So after writing my previous, quick post on “MOSS” a few things happened.
Daniel Stenberg, creator of cURL asked on fedi for input on how to present sustainability issues on open source.. Of course I never know how to shut my mouth, so I responded. I should note that points I raised have also been discussed in the NGI Digital Commons Task Force, a grandly named group I’m a member of, which I doubt is very effective. Nonetheless, it’s a forum in which such issues are discussed.
In another fedi thread, I inadvertently seemed to defend companies extracting value from the commons.
And then the Software Freedom Conservancy announced their guidance on LLMs, which led me to rant, amongst other things, yet again on how AI is a fascist project. It led me, once again, to the conclusion that FLOSS is essentially done for. I concluded I was “more than ready for the next thing”.
In that thread, I was asked “what my vision for the next thing” was, and that took me aback a bit.
I mean, I’ve been discussing the pros and cons of a bunch of these topics for ages. Over two years ago now, I wrote about a 0th law of software freedoms. I followed this up a year or so ago on a sustainable digital commons ecosystem. I’ve considered these things semi-rants. Throwing a voice into the ring, one out of many. I did not expect I would be asked for my vision on this, even from people with whom I discussed a fair few of these things in the past.
I also have a great amount of frustration with the fact that still relatively few people seem to “get” why LLMs are such a danger to the digital commons, and why I consider FLOSS as such both a success and a failure. I would love for more people to come to this conclusion, and shape the next thing. I want a voice in that.
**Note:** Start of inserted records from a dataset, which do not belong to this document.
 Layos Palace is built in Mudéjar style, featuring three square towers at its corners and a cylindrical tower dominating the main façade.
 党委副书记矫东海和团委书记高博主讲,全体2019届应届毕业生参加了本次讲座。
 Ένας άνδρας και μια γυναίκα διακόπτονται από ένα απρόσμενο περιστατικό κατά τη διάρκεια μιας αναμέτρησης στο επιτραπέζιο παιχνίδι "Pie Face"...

But I do not wish to be the voice of this. The reason is fairly simple: I do not have the spoons for this, and I doubt I ever will have. Community building is huge effort for me, leadership similarly. I do this in my $dayjob, and want no part of it in private life. Also, to cut a longer story short, spoons I would use for this should go to other parts of my life, which has unambiguous priority.
At the same time, I also do not wish to be “guilty” of things never taking any shape. So what’s a person to do? Write a manifesto!?
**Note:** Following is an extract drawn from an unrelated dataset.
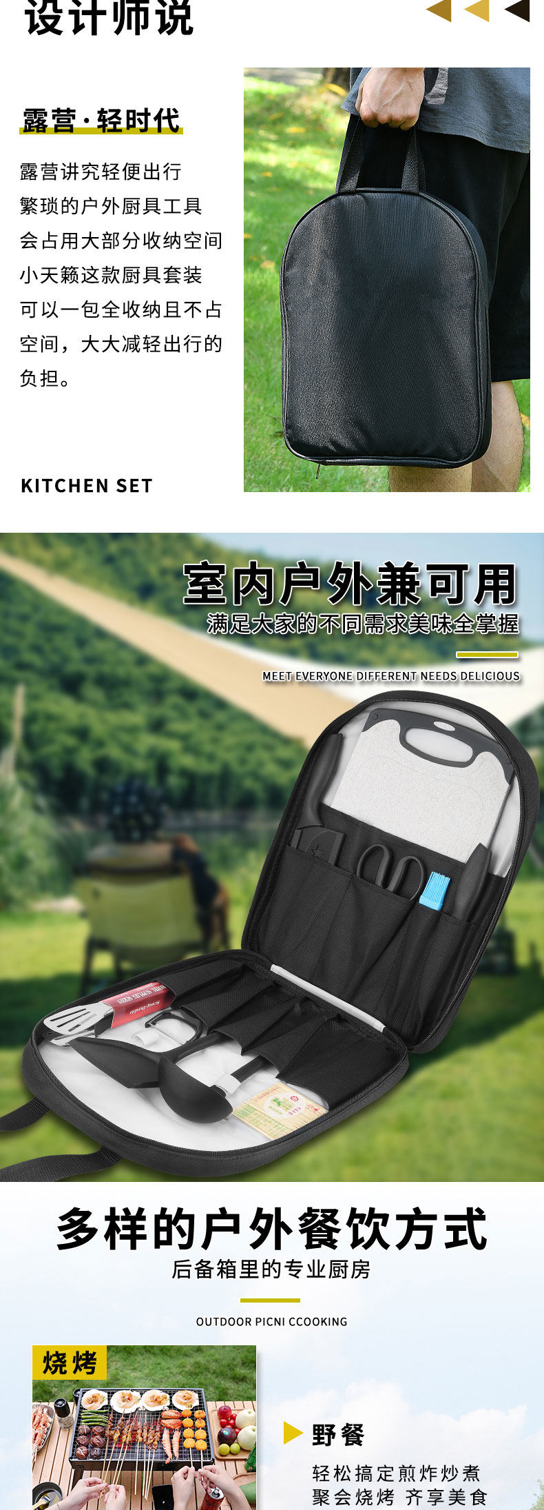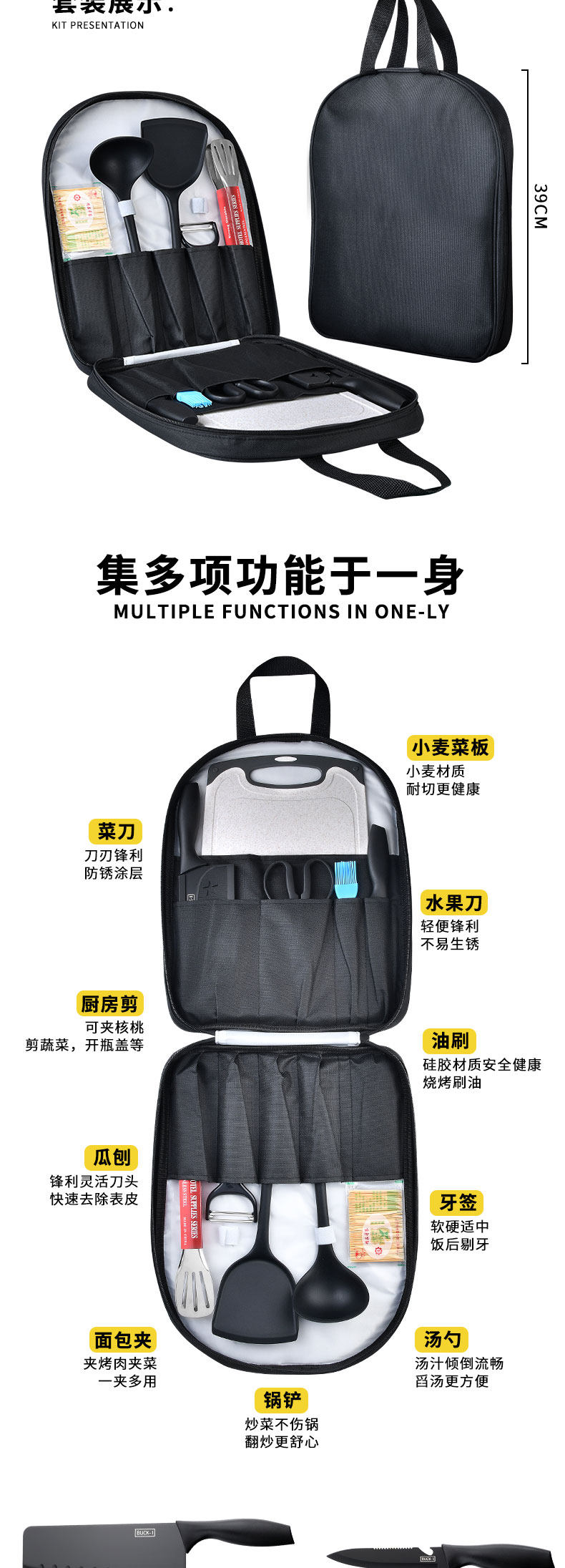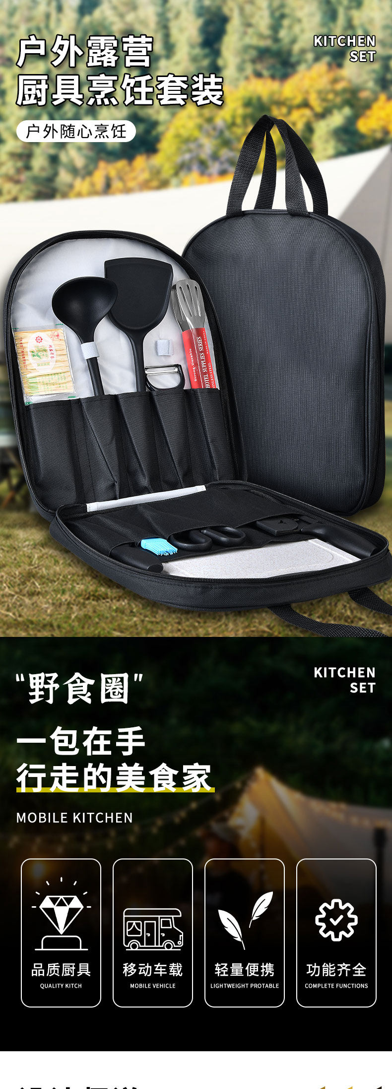 Дорожное снаряжение для кемпинга, нож, портативный комплект, сумка-органайзер, 2 в 1, полный комплект

I toyed with this thought, but I didn’t enjoy it. For one thing, manifestos are misleading. They generalize and simplify complex topics to leave enough room for interpretation so that many people can sign up for them. In the drive to simplify, they can easily get twisted, either in intent or in how they’re received, and no longer add value to discussion.
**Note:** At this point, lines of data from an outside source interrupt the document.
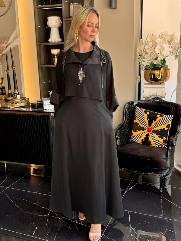 - Benzersiz Katmanlı Tasarım: Üst kısımda bulunan kısa, bol kesim katman, elbiseye dinamik bir hava katarken, yaka ve manşetlerdeki parlak şerit detayları modern ve lüks bir dokunuş sağlar.
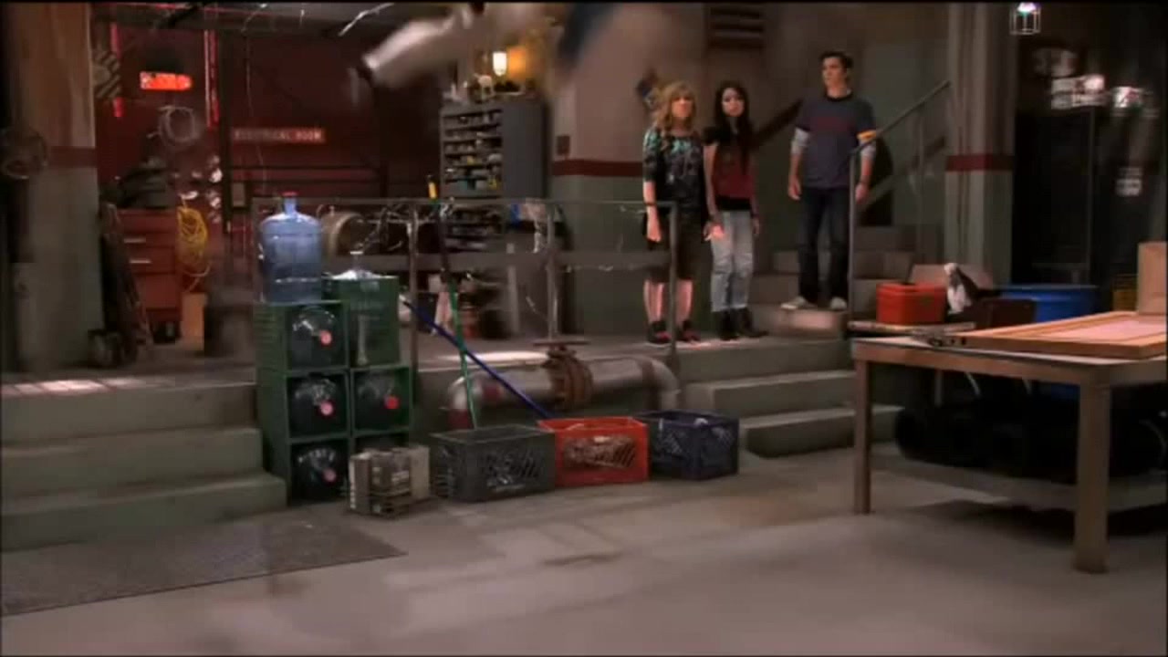 Gibby (iCarly) falls from the ceiling
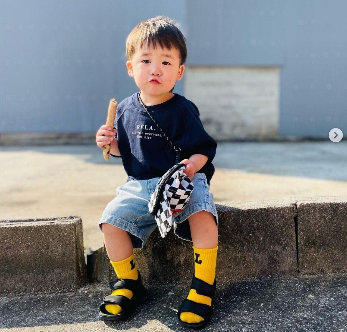 naaaさんはしまむらで展開中のブランド「RELA.(リラ)」のキッズTシャツでコーディネート!胸元の英字プリントがポイントで、イエローの靴下との相性もピッタリですよね。思わず真似したくなる上級おしゃれコーデです♪
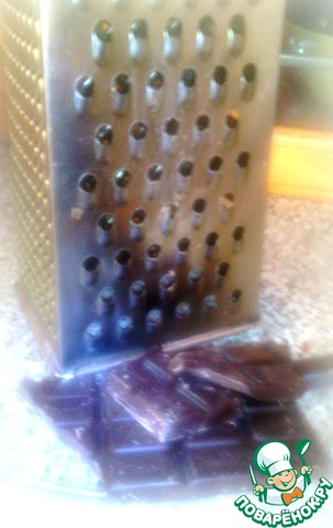 Подготовим начинку. Если у вас замороженная вишня, то добавить сахара, если она кислая (можно немножко её поварить до растворения сахара). Я использую бабушкино вишнёвое варенье (ягоды цельные, без косточек). Натираем плитку шоколада на крупной тёрки.

Also - and this is a seemingly small, but actually massively important point - if we start things off with another middle-aged white man’s manifesto, we’re off to the wrong start.
In the end, I did outline some pillars on which I think “the next thing” should rest. They’re soft requirements. Negotiable, not so much in their essence, but very much so in their form. They’re incomplete. They’re somewhat vague, not with the intent to invite people to see themselves in them, but for people to examine what that means to them. These reflections must make it back into those foundations.
Which is why none of this can be a manifesto. At least none that I would write.
Note that throughout I use the term “MOSS gardening” a fair bit.I think that this term is not merely cutesy, though there is some whimsy to it. It also best represents the activities of contributors to a healthy commons. The commons needs to be nurtured. And moss (the plant, not the software) are a keystone species, i.e. one that has a disproportionally large effect on its environment relative to its abundance. Moss retains up to 20 of its weight in liquid. Moss insulates. Moss therefore helps maintain balance in its environment by storing excesses that can be released when needed.
This is what we need commons software to be.
- The First Pillar: Human Rights
- The Second Pillar: Scale
- The Third Pillar: Preservation
- The Fourth Pillar: The Future
If you have come this far and read the four pillars, it feels like there should be some summary now, some pithy vision statement.
I have none.
MOSS gardening is a complex issue. They four pillars can make it flourish.
That’s it for this text, which is not a manifesto.